= Beginning of Section =
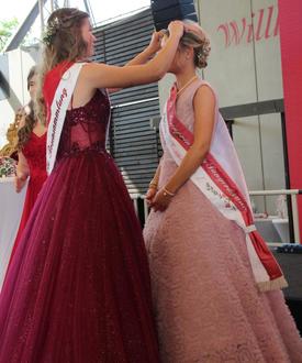 Mit einer feierlichen Zeremonie wurde Emily I. von einer Prinzessin zur Rosenkönigin und "Neuling" Geraldine Herzberg zur Rosenprinzessin Geraldine I. Die 21-jährige Sangerhäuserin ist kein unbekanntes Gesicht in der Stadt. Geraldine ist mit Leni befreundet und daher schon sehr oft in Kognito mit ihr unterwegs gewesen und sie wurde von ihr gut auf dieses Amt vorbereitet.
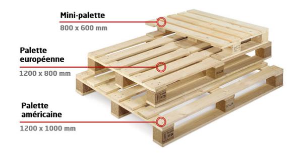 Dans le monde des palettes, on distingue traditionnellement deux tailles : la taille américaine et la taille européenne. Le format américain est de 1200 x 1000 mm et est principalement utilisé aux États-Unis, au Canada et au Japon. Le format européen est de 1200 x 800 mm. Cette taille est parfaitement compatible avec la plupart des camions européens. Enfin, il y a aussi la « mini-palette ». C’est le petit frère de la palette européenne et on ne la trouve généralement qu’en Europe. Bon à savoir : la palette européenne et la mini-palette arborent souvent le logo EUR ou EPAL.
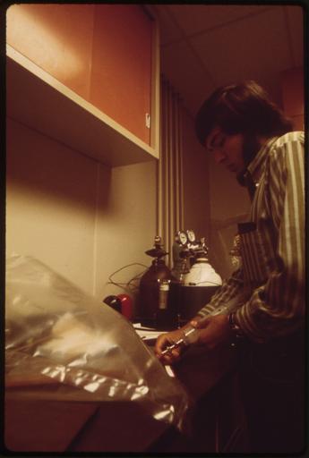 | Keywords: LOS ANGELES REACTIVE POLLUTANT PROGRAM (LARPP), A UNIQUE MULTI-AGENCY AIR POLLUTION RESEARCH STUDY SPONSORED BY THE... - NARA - 552385.jpg Scope and content LOS ANGELES REACTIVE POLLUTANT PROGRAM LARPP A UNIQUE MULTI-AGENCY AIR POLLUTION RESEARCH STUDY SPONSORED BY THE COORDINATING RESEARCH COUNCIL A GOVERNMENT-INDUSTRY RESEARCH GROUP USED IN THE PROJECT ARE THERMASONDES WEATHER-TESTING BALLOONS TETROONS AIRBORNE BUOYS USED TO MARK OFF GIVEN SECTION OF AIR FOR STUDY AND EPA HELICOPTERS FOR TRACING AND TAKING SAMPLES GROUND LEVEL SAMPLES ARE ALSO TAKEN INFORMATION IS TRANSMITTED BY RADAR CALIFORNIA AIR RESOURCES BOARD LABORATORY AFTER SMOG FILLED AIR SAMPLE BAGS HAVE BEEN BROUGHT IN FROM HELICOPTERS THE SAMPLED AIR IS REMOVED IN KNOWN QUANTITIES AND RUN THROUGH TESTING MACHINES TO DETERMINE ITS COMPOSITION General notes 552385 Local identifier 412-DA-9900 Environmental Protection Agency 12/02/1970 - NARA-Author Daniels Gene photographer Photographer 8463941 <br /> Los Angeles Los Angeles county California United States North and Central America inhabited place 4219264 34 05 -118 23 <br /> Still Picture Records Section Special Media Archives Services Division NWCS-S National Archives at College Park 8601 Adelphi Road College Park MD 20740-6001 09/1973 Record group Record Group 412 Records of the Environmental Protection Agency 1944 - 2006 Record group ARC 708 DOCUMERICA The Environmental Protection Agency's Program to Photographically Document Subjects of Environmental Concern compiled 1972 - 1977 Series ARC 542493 File unit File unit ARC Variant control numbers Agency-Assigned Identifier 165/60/009900<br /> NAIL Control Number NWDNS-412-DA-9900 Other versions <gallery> File LOS_ANGELES_REACTIVE_POLLUTANT_PROGRAM_ LARPP _A_UNIQUE_MULTI-AGENCY_AIR_POLLUTION_RESEARCH_STUDY_SPONSORED_BY_THE _-_NARA_-_552385 tif tif File LOS_ANGELES_REACTIVE_POLLUTANT_PROGRAM_ LARPP _A_UNIQUE_MULTI-AGENCY_AIR_POLLUTION_RESEARCH_STUDY_SPONSORED_BY_THE _-_NARA_-_552385 jpg jpg </gallery> NARA-cooperation PD-USGov Los Angeles Reactive Pollutant Program Tetroons |
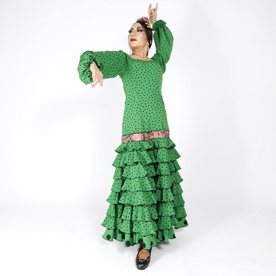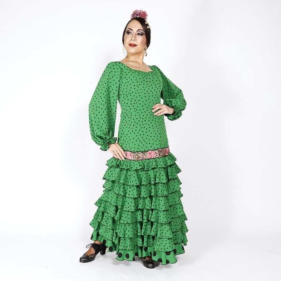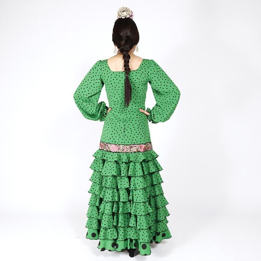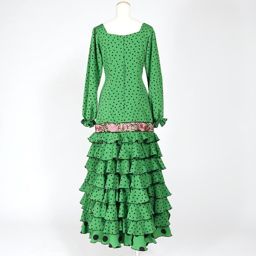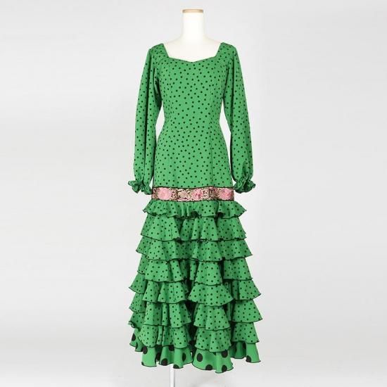 MT2051 8段フリルワンピースグリーン・ブラック水玉
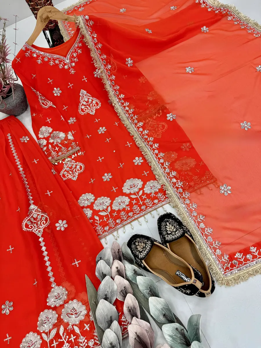 DESIGNER GEORGETTE EMBROIDERY SEQUENCE WORK WITH FANCY LACE BORDER AND PERAL MOTI HAND WORK TOP PALAZZO WITH DUPATTA ORANGE
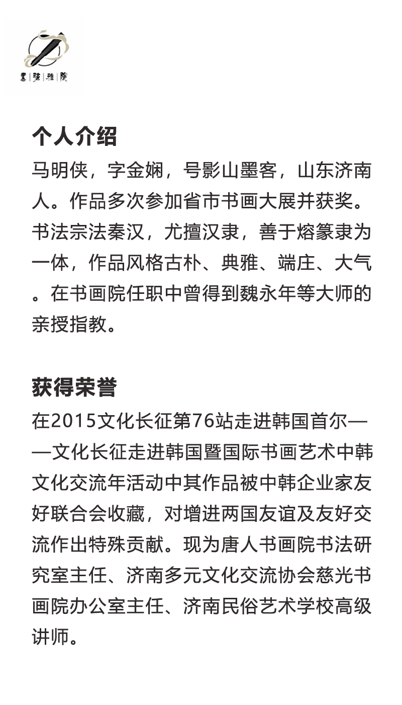 所授科目:书法培训
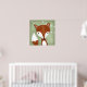 Un tableau numérique d'un renard capricieux est visible contre l'arrière - plan vert à grains de bois. Des petites fleurs blanches sont visibles sur les vignes accrochées à droite. De belles peintures aux couleurs douces sont parfaites pour n'importe quelle zone boisée, que ce soit une crèche pour bébé, une garderie ou une salle de jeux.
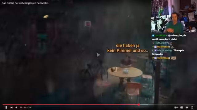 00:45:36Der Streamer widmet sich einem populären Internet-Gedankenexperiment: die unsterbliche, superintelligente Schnecke. Er erläutert die Regeln: Man ist unsterblich, extrem reich, aber wird getötet, sobald eine 6 cm große Schnecke einen berührt. In der Folge werden verschiedene Lösungsansätze und absurde Konsequenzen diskutiert, wie der Kampf gegen einen Kult, der die Schnecke verehrt, oder die Flucht ins All. Die gesamte Diskussion ist sehr philosophisch und humorvoll angelegt.
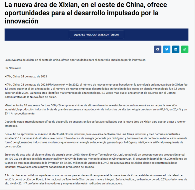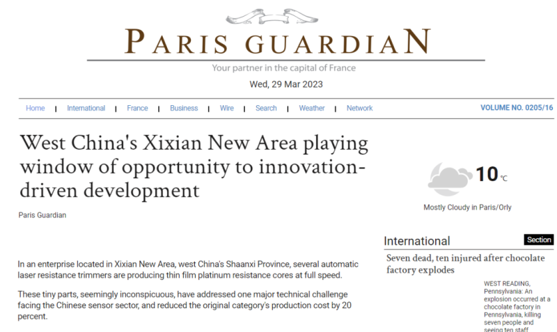 近日,全球通訊社聯(lián)盟發(fā)布文章《West China’s Xixian New Area playing window of opportunity to innovation-driven development》(西咸新區(qū):為中國(guó)西部創(chuàng)新發(fā)展打開機(jī)遇之窗)全球480多家外媒關(guān)注,截至3月29日10時(shí)總瀏覽量達(dá)到1.8億人次。
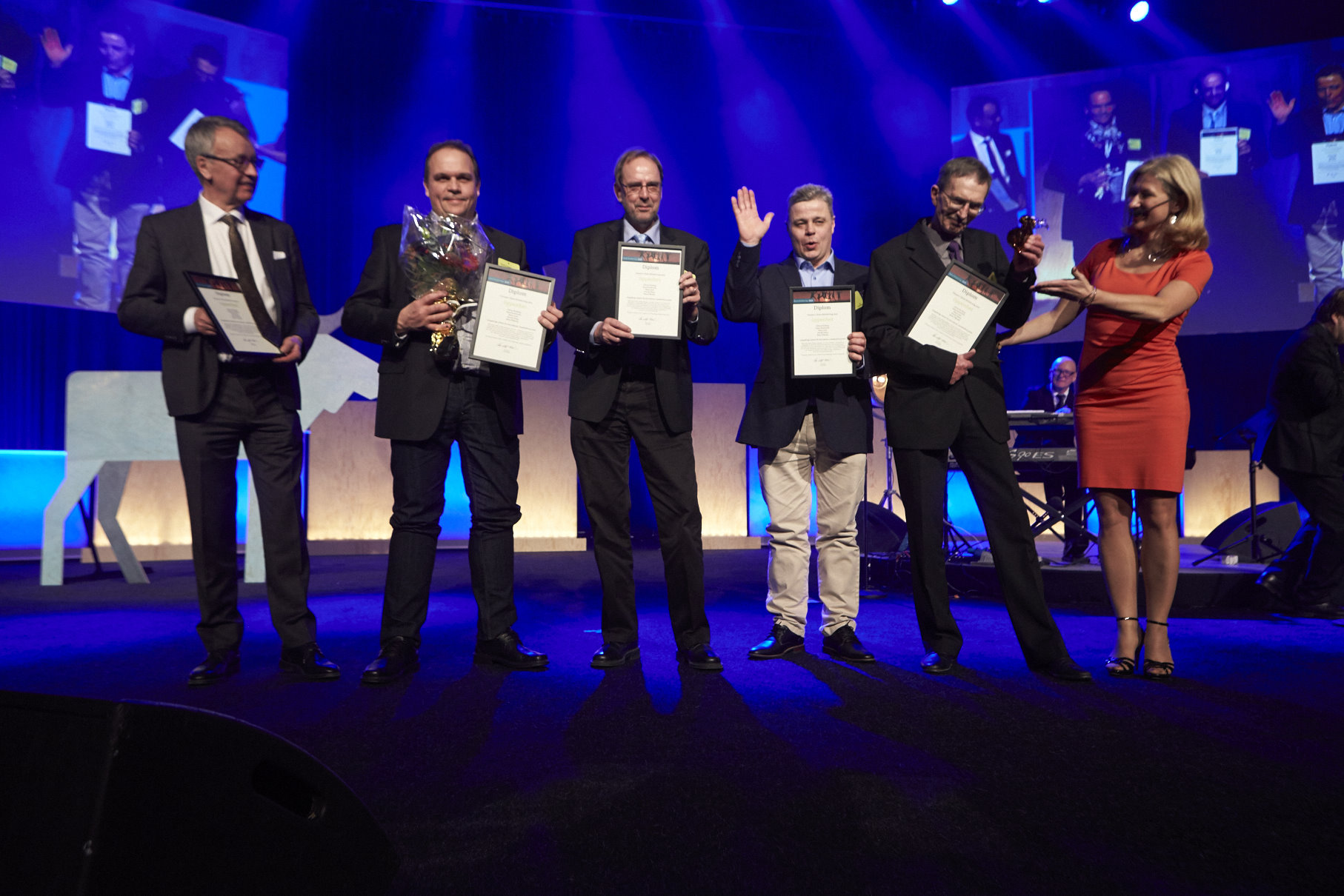 • Beskrivning: Maskinlag 5484 Riddarhyttelaget, vinnare i kategorin Öppenhet för "​Långsiktigt arbete för återväxten i maskinföraryrket", Sveaskogsdagarna 2017, dialog, möte, hela företaget samlat, expo
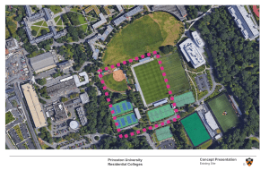 The University has given the new Colleges the provisional names ‘College 7’ and ‘College 8’. They are connected on the same site, which is currently a site for athletics. The athletics facilities will be relocated to the new Princeton University ‘Lake Campus‘, to the south of Carnegie Lake, in West Windsor. University Architect Ron McCoy emphasized the pedestrian connections to other parts of the campus. The buildings will have a ‘contemporary’ architectural style, with a narrow form, and extensive walking paths and landscaping. The central path on the site, between the two new Colleges is called ‘College Walk’. Each College will have its own dining hall, with a shared kitchen.
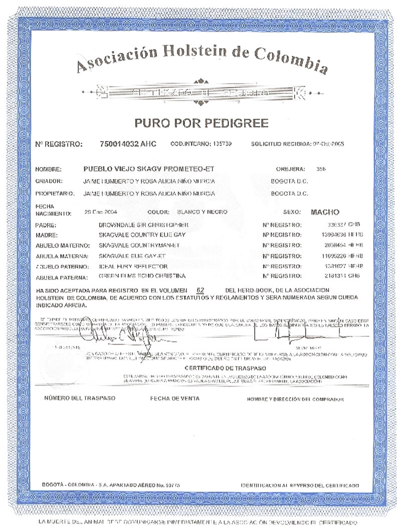 NOMBRE COMPLETO: P. Viejo Skagvale Prometeo ET 356NÚMERO: 356 REGISTRO: 750014032 FECHA DE NACIMIENTO: 26/01/2004TIPO: LECHE – RAZA: HOLSTEIN NEGROPADRE: DROWNDALE SIR CHRISTOPHER MADRE: SKAGVALE COUNTRY ELIE GAY
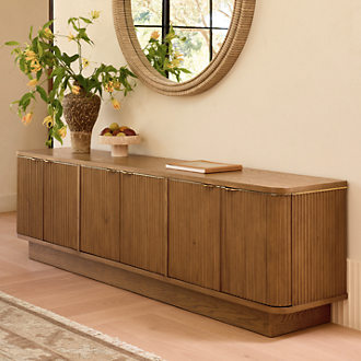Give all your stuff a place of its own with chic, modern storage furniture. Is your TV still sitting on that coffee table from college? It's time for a change. Set it atop a media console that's got space to stash all your binge-watching essentials. Then, expand your storage options throughout the home with bookcases, storage cabinets and even entryway storage furniture to help corral shoes and cold-weather accessories in the foyer. Choose modern furniture with closed storage to keep your stuff out of sight and promote a minimalist aesthetic, or proudly display your favorite knicknacks by opting for cool contemporary furniture with open shelving. When privacy and protection are paramount, a storage cabinet with doors strikes the perfect balance, offering both accessibility and discretion. Display cabinets, with their transparent glass panels and thoughtfully designed shelving, turn your collectibles into works of art themselves, adding an elegant touch to your home.
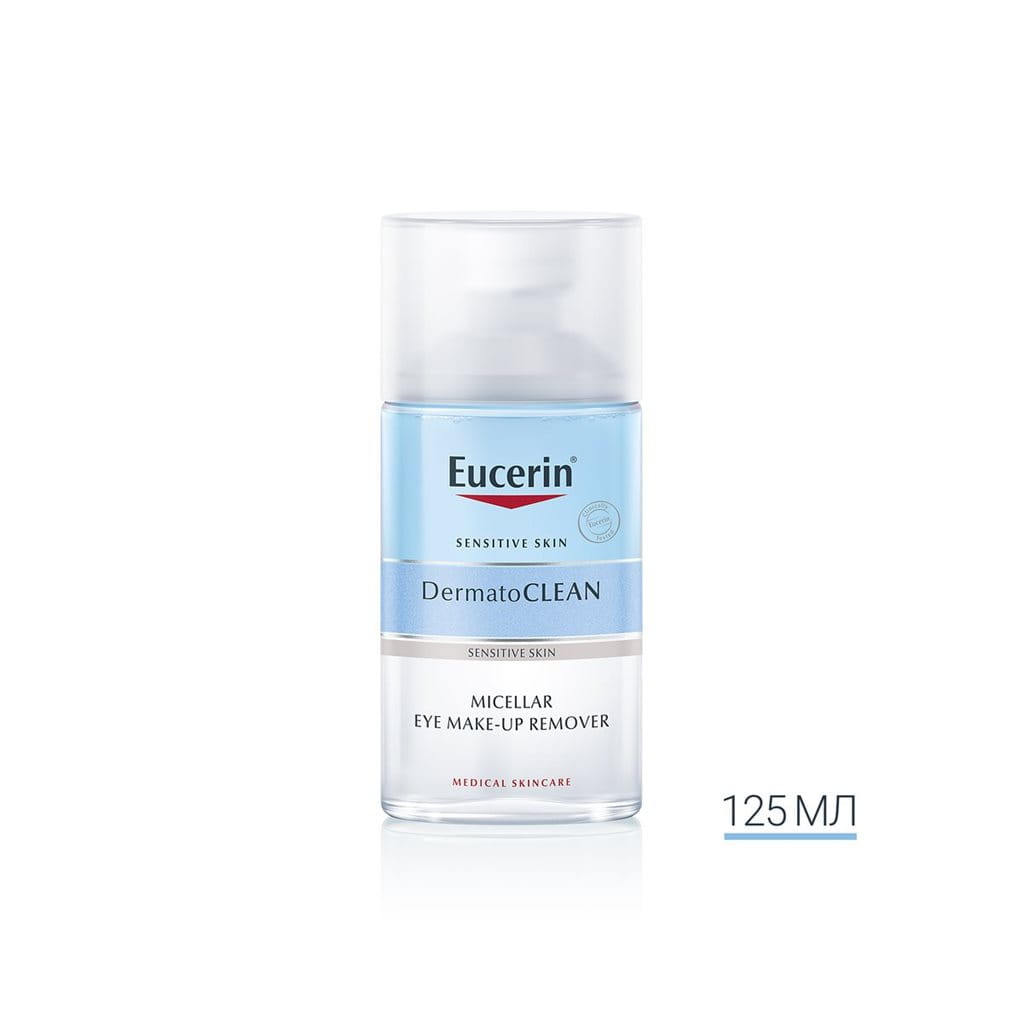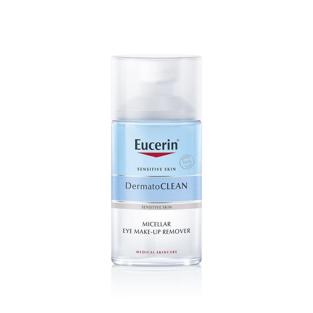 Засіб для зняття макіяжу з очей Eucerin DermatoCLEAN [HYALURON] миттєво знімає звичайну й водостійку косметику, зокрема надстійку туш.
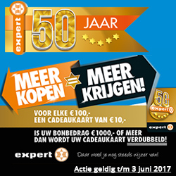 Deze twee weken ontvangt u vanwege het 50-jarig jubileum van Expert bij een aankoop een 'Expert 50 jaar-cadeaukaart'. Voor elke 100,- stort Expert 10,- op uw Expert 50 jaar-cadeaukaart. Koopt u voor een totaalbedrag van 1.000,- of meer, dan wordt de waarde op de Expert 50 jaar-cadeaukaart verdubbeld.
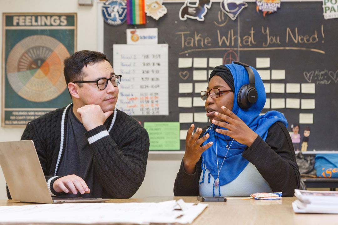 Rob Park, a coach in The Pittsburgh Promise initiative to provide post-secondary exploration and planning for high school students, works with a senior at Cheswick. Pittsburgh Promise officials recognize that the exponential growth in programming and fundraising demonstrates that supporting organization status with The Pittsburgh Foundation is no longer needed.
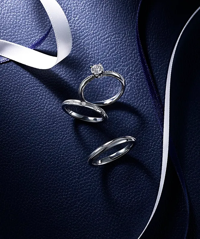 まとう女性の仕草までも美しくする、幸福感にあふれたマリッジリング。王冠の縁取りを模したミル打ちのドットと、3石の端正なダイヤモンドがきらめきのコントラストを奏でます。華奢なダイヤモンドにさえ凛とした輝きを秘めるのは、「ロイヤル」の称号を授与された名門ダイヤモンドジュエラーたる証。愛し合う二人の絆として、生涯を共にするノーブルなリングは時を超え、未来を輝かせるはず。
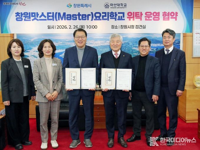 [ 한국미디어뉴스 김홍철 기자 ] 창원특례시는 2월 26일 시청 접견실에서 마산대학교와 '창원맛스터(Master)요리학교 위탁운영 업무협약'을 체결하고, 향후 3년간 지역 외식업 경쟁력 강화를 위한 전문인력 양성 사업을 추진한다.
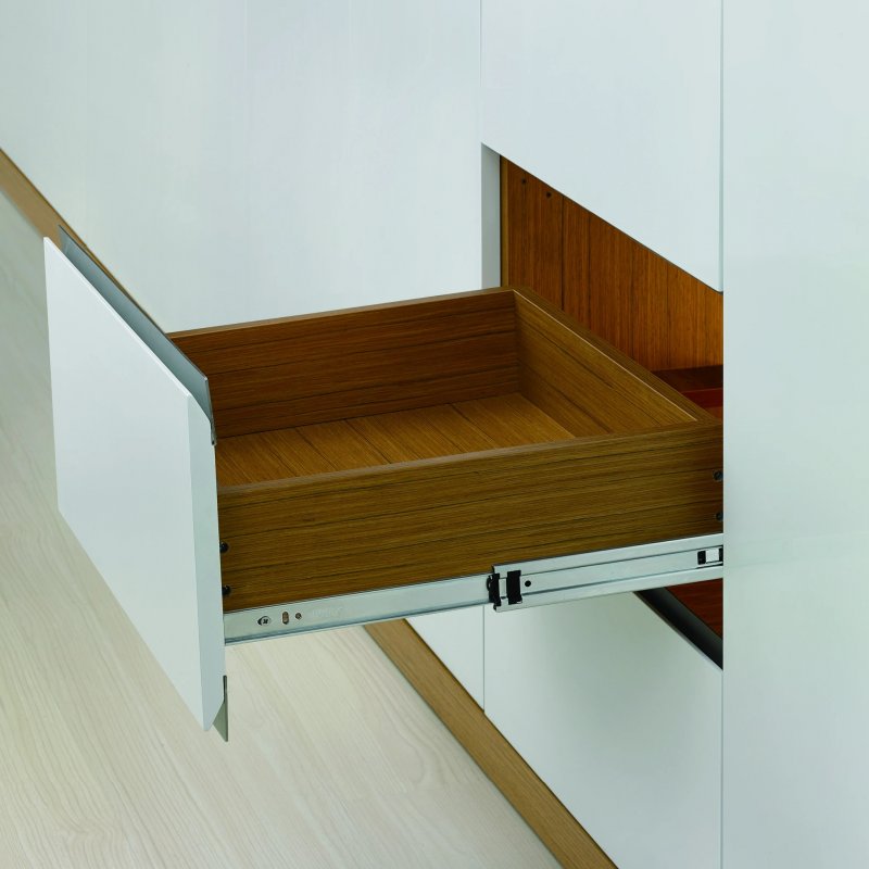 Kuličkový plnovýsuv zinkovaný, určený na bok zásuvky, úplné vysunutí zásuvky, tlumené dovírání. V sadě jsou dva kusy na jednu zásuvku.
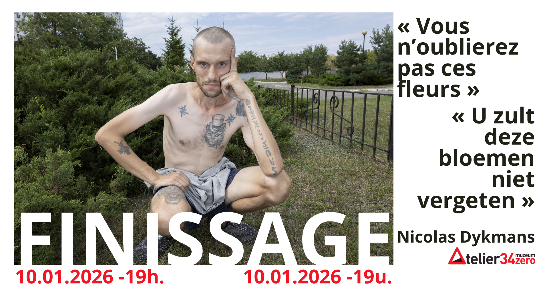 Na 9 maanden tentoonstelling hebben we eindelijk beslist om verder te gaan… en kondigen we dus het afbouwen aan van de tentoonstelling “U zult deze bloemen niet vergeten” van Nicolas Dykmans, die in een zeer ruwe stijl het bijna prozaïsche leven in Oekraïne documenteert.
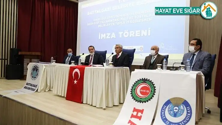 Battalgazi Belediyesi ve HAK-İŞ Konfederasyonuna bağlı Hizmet-İş sendikası arasında Toplu İş Sözleşmesi gerçekleştirildi. Toplu iş sözleşmesi Battalgazi Belediyesi Konferans Salonu’nda düzenlenen imza töreni ile Battalgazi Belediye Başkanı Osman Güder ve Hak-İş ve Hizmet-İş Sendikası Malatya Şube Başkanı Bünyamin Geleri arasında pandemi kuralları dikkate alınarak imzalandı.
= End of Section =
Could you output exactly the lines above, from the line with "The University has" up to and including the line with "NOMBRE COMPLETO: P.", and nothing else, skipping the pictures?

--- Task solution ---
 The University has given the new Colleges the provisional names ‘College 7’ and ‘College 8’. They are connected on the same site, which is currently a site for athletics. The athletics facilities will be relocated to the new Princeton University ‘Lake Campus‘, to the south of Carnegie Lake, in West Windsor. University Architect Ron McCoy emphasized the pedestrian connections to other parts of the campus. The buildings will have a ‘contemporary’ architectural style, with a narrow form, and extensive walking paths and landscaping. The central path on the site, between the two new Colleges is called ‘College Walk’. Each College will have its own dining hall, with a shared kitchen.
 NOMBRE COMPLETO: P. Viejo Skagvale Prometeo ET 356NÚMERO: 356 REGISTRO: 750014032 FECHA DE NACIMIENTO: 26/01/2004TIPO: LECHE – RAZA: HOLSTEIN NEGROPADRE: DROWNDALE SIR CHRISTOPHER MADRE: SKAGVALE COUNTRY ELIE GAY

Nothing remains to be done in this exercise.